I don't believe Mycobacterium is always present, developing in every water body, no matter how dirty the tank is. Pretty much only there if brought in from an infected source. I am not sure if or how long this bacteria can remain alive without a host.

Poorly maintained tanks are always more likely to have any number of disease outbreaks due to water quality being low, which in turn weakens the immune system of the fish making them more susceptible to any infection. Also in a poorly maintained tank, there is excess build up of detritus/mulm/debris that can cause tank health to decline, not just nitrogen levels, but they indirectly deplete oxygen (which in itself causes more bacteria species), breeds more bacteria, etc, etc, making the tank unstable. Poorly maintained tanks and the fish within those tanks are more prone to issues (compromised immune system), but some diseases are only there if they are brought in from an infected source.

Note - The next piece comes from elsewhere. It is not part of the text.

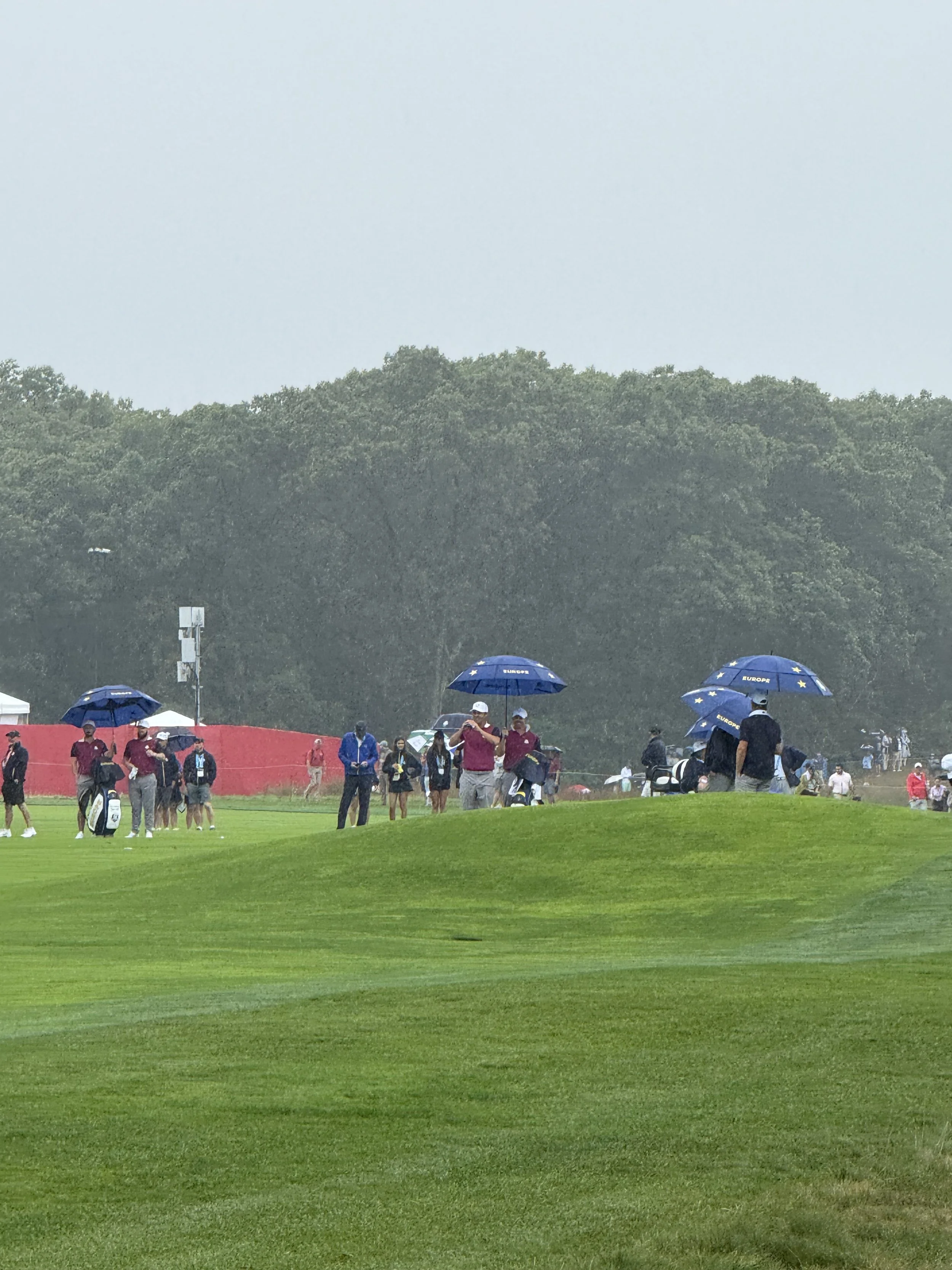 The grandstand on 1 was incredible — you could see both the opening tee shot and 18th green, creating a true stadium vibe. We walked the front nine in a steady drizzle, clocking close to ten miles for the day. Team Europe was out playing, while Team USA rested. A bit of a bummer, but we’d see them Friday.

As pointed out in the article, old and/or weak fish can still show similar symptoms (curved spine) purely from being weak and unhealthy, without having fish TB (Mycobacterium). Just there are a lot of possible causes of deformed spines, and given that actual cases of confirmed fish TB are rare, the other possible causes for deformed spines are much higher. Fish TB is still a real thing, but it's highly unlikely.

But good thing is, it's not highly contagious if fish are healthy (good water quality) and doesn't pose much danger to humans, despite how dangerous fish TB is made out to be by other sources. So even if this really is fish TB, it might not be of much concern.

If you are serious on sorting this out, analyzing for the bacteria is really recommended. You can check if you really have Mycobacterium to begin with. If you do, you can treat (again it is a long and difficult treatment, at least if keeping the fish alive), then get everything tested again after treatment is finished to confirm whether or not the bacteria is no more. If the fish and water are infected, they may remain infected and ultimately contaminated, so they would pose risk to infecting anything they touched, so they would pose a danger if you were to ever rehome any fish or give away any used equipment without first sterilizing everything.

It's a tough call. Whether taking the challenge of treating TB (a long procedure that requires caution spreading the source, often times being unsuccessful), euthanizing all fish and sterilizing everything to be certain or just leaving everything as they be risking that they might be contagious. Guess it wouldn't hurt to call veterinarians or specialized groups/labs what they think and how much it would cause to test. If you get the test done and you find out it's not Mycobacterium, then great, no need to treat for it.

Again, I am not saying it's impossible to be fish TB, just stating that it's unlikely. Only real way to confirm Mycobacterium is to ID it under a scope.
I still would recommend treating for internal parasites. I might edge toward Metronidazole over Praziquantel.